[comp.lang.c] compiler detection of potential run-time errors

henry@utzoo.uucp (Henry Spencer) (07/28/88)

In article <1075@garth.UUCP> smryan@garth.UUCP (Steven Ryan) writes:
>Depends on whether all possible programs (including those of monkey
>programmers) or just `practical' programs are considerred. Formal proofs
>of all possible programs are impossible, flat out, no appeal. Formal proofs
>of practical programs depend on how powerful practical has to be to remain
>useful.

My standing comment on this one is "programmers do not write arbitrary
programs".  I have no objection to monkey programmers being told "this
program is so poorly written that verifying the absence of run-time errors
is beyond this compiler's ability".  In fact, I have no objection to real
programmers occasionally getting the same message, provided some attempt
is made to identify the source of the problem.  As it is, I occasionally
have to modify my programs to keep less-than-perfect implementations of
cc or lint happy; an absence-of-run-time-errors checker that required
"unnecessary" changes once in a while would still be worth having.

(I also wonder whether proving absence of run-time errors is sufficiently
weaker than proving correctness that it is fundamentally easier, but
on reflection it seems to me that in the [irrelevant] general case it is
probably equivalent to the halting problem.)
-- 
MSDOS is not dead, it just     |     Henry Spencer at U of Toronto Zoology
smells that way.               | uunet!mnetor!utzoo!henry henry@zoo.toronto.edu

lisper-bjorn@CS.YALE.EDU (Bjorn Lisper) (07/29/88)

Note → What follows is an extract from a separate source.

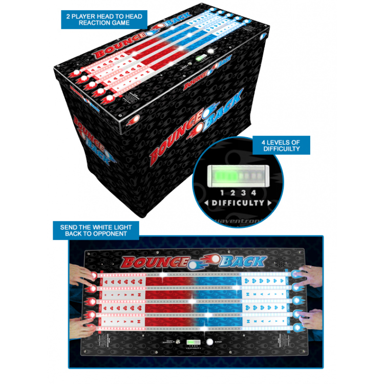 Your anticipation, precision, and speed are challenged in this head-to-head game. There are 5 rows for 5 times the fun, and 4 skill levels to make this a very unique and addicting game!

In article <1988Jul27.202049.21589@utzoo.uucp> henry@utzoo.uucp (Henry
Spencer) writes:
....
>(I also wonder whether proving absence of run-time errors is sufficiently
>weaker than proving correctness that it is fundamentally easier, but
>on reflection it seems to me that in the [irrelevant] general case it is
>probably equivalent to the halting problem.)

To find whether a program is free from run-time errors or not is of course
undecidable in general. One type of run-time errors is array indices getting
out of bounds. Say, for instance, that we have an ARRAY a(1..n) and
somewhere in the program a statement a(i) := .... . In order to prove
absence of sun-time errors in this program we must prove that always
1 <= i <= n immediately before this statement. Since we can do arbitrary
integer operations on i before this point this amounts to deciding the truth
of an arbitrary formula in integer arithmetic. Thus it is undecidable.

Of course there are many *special* cases where freedom from run-time errors
can be decided. So I'm not saying that compile-time checking of such
properties is futile. On the contrary, I think it can be very useful.

Bjorn Lisper

smryan@garth.UUCP (Steven Ryan) (07/30/88)

>My standing comment on this one is "programmers do not write arbitrary
>programs".  I have no objection to monkey programmers being told "this
>program is so poorly written that verifying the absence of run-time errors
>is beyond this compiler's ability".  In fact, I have no objection to real
>programmers occasionally getting the same message, provided some attempt
>is made to identify the source of the problem.

A point to remember is the compiler doesn't know who or what wrote the code.

I take it then the idea to do prove what can be proved, refute what can be
refuted, and it's the middle ground which is rejected. I see no objections
to this approach if it is well defined.